Hot Peppers Rescue Shingles Sufferers

Turns out that two pains can make a right. Hot peppers are a key to reducing the misery associated with shingles, or herpes zoster, a viral infection that frequently causes a painful rash, according to results from a promising new clinical trial.

Shingles

The study found that a high dose of capsaicin, the chemical in hot peppers that makes eyes water and mouths sting, applied through a skin patch can be surprisingly effective in relieving postherpetic neuralgia, the debilitating nerve pain that is frequently a complication of shingles.

The study involved 402 patients at 55 research centers in the United States, including the University of Wisconsin School of Medicine and Public Health. Results were published in the December edition of The Lancet-Neurology. 

Tests of the skin patch found that about 40 percent of sufferers experienced pain relief that lasted up to three months. "We were surprised at the long term pain relief,'' Dr. Miroslav Backonja, a professor of neurology at SMPH and the study's lead author, said in a press release. "People had pain relief for up to 12 weeks from a patch that was applied for an hour."

Shingles occur when the herpes zoster virus, which also causes childhood chickenpox, becomes active again after lurking dormant for years and even decades in the nerve roots. The virus can damage the nerves and cause blisters, often on the body and head. Pain can persist months and even years after the rash disappears.

Sufferers describe the pain as excruciating burning and itching. In one extreme case reported in a scientific journal, a patient scratched through her skull into her brain. One of UW neurologist Backonja's patients quit her job because the rash on her back was so sensitive she couldn't wear clothing.

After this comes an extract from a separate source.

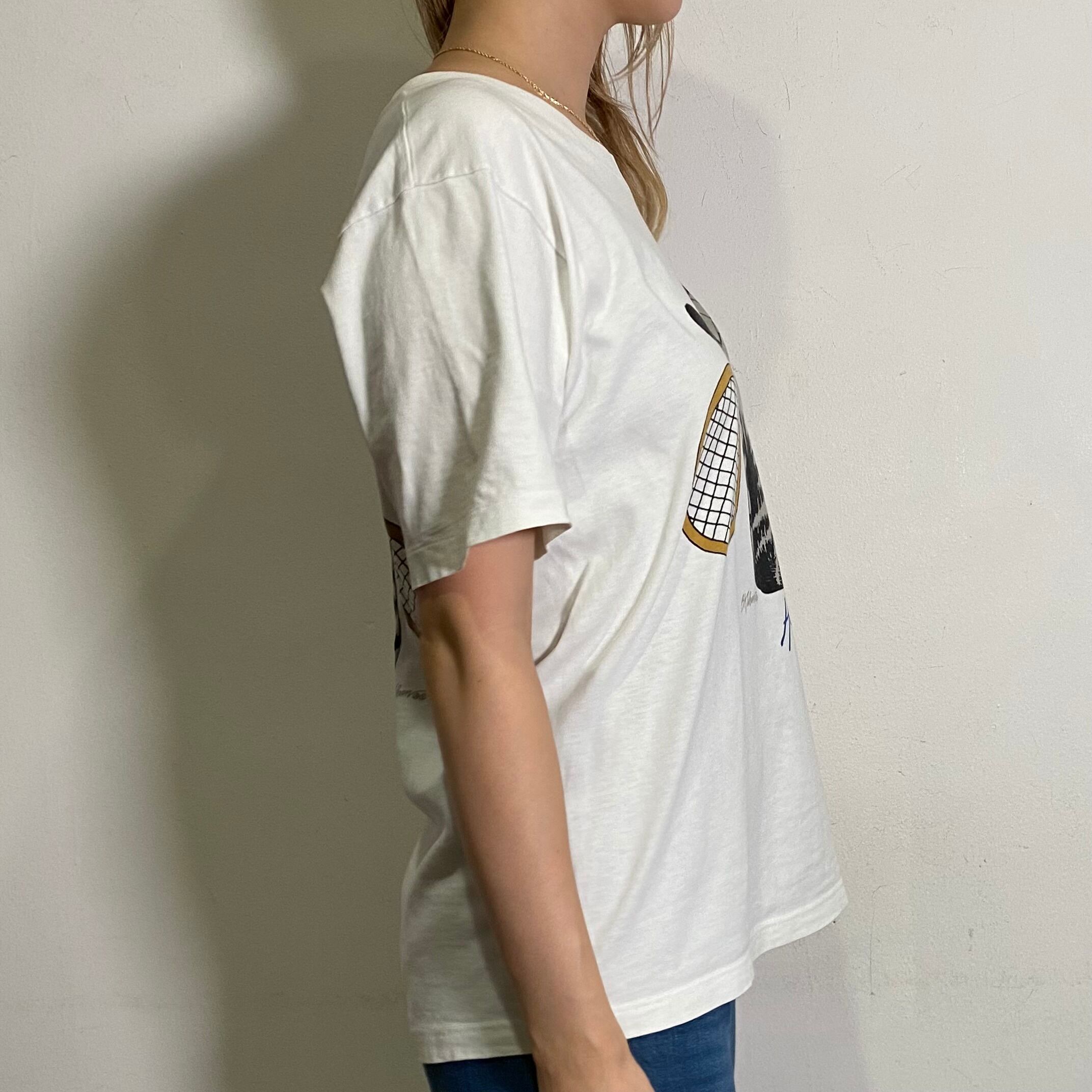 コットン100%のホワイトボディで、大変使い勝手の良い一枚ですよ。

Still, Backonja said he was concerned that no one would want to participate in the trial because of the strength of the capsaicin. Topical capsaicin cream, which is sold over the counter as a remedy for arthritis pain, contains concentrations of 0.025 percent to 0.075 percent. The eight percent concentration used in the trial is more than a hundred times stronger.

"My first concern was that nobody would be able to tolerate it. I was flabbergasted how well they did,'' Backonja said.

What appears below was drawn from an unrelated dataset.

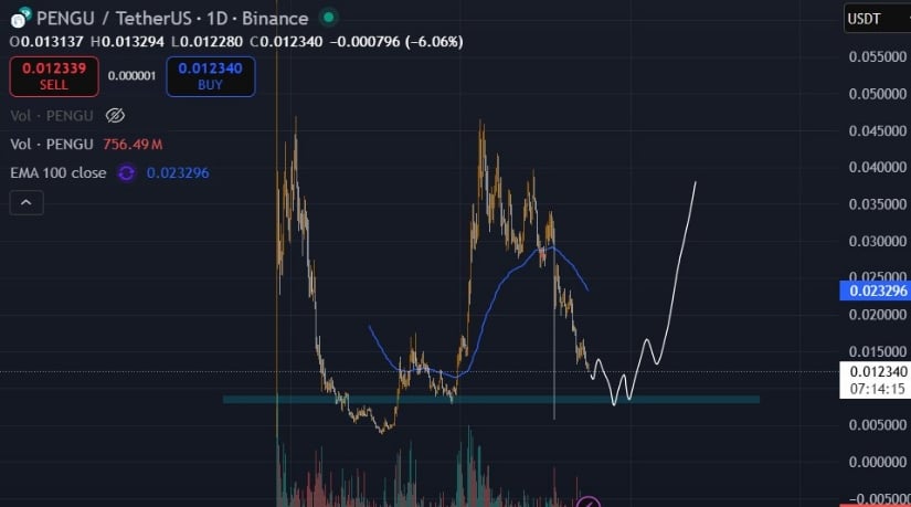 若能守住,根据历史波动区间,反弹至0.017-0.023美元仍具可行性。PENGU在该区域附近数根K线将决定短期方向。

Patients had their skin numbed with a cream before the patch was applied. Some were also given oral pain medicine for the pain caused by treatment.

While shingles tend to disappear quickly in younger patients, Backonja said that more than 40 percent of people older than 65 years who have an outbreak of the blisters would develop the painful neuralgia that can follow. "This is a problem that plagues the elderly, and this is becoming a health care problem because that is the most rapidly growing segment of the population," he said.

Backonja said capsaicin may work by "pruning back" damaged endings of nerve cells. "What we think happens is that the virus damages the nerve endings, and these damaged nerve endings are like live wires,'' Backonja said. "If you 'prune them back', they stop short-circuiting."

Capsaicin is known to use the same pathways the nerves use to conduct the sense of heat, which is probably why spicy salsa makes you feel warm all over.

So could simply eating a lot of hot peppers ease symptoms, too? Maybe. Backonja said he once had a patient who treated his shingles by downing lots of hot salsa. But the patches, Backonja said, will be more effective. Plus they are a topical treatment, which means doctors don't have to worry about interactions with other drugs when prescribing them.

NeurogesX, a California company that is hoping for FDA approval of the shingles patch, financed the study. The company says it expects European Union approval in early 2009, and that the FDA will begin reviewing the drug for U.S. approval late in 2009.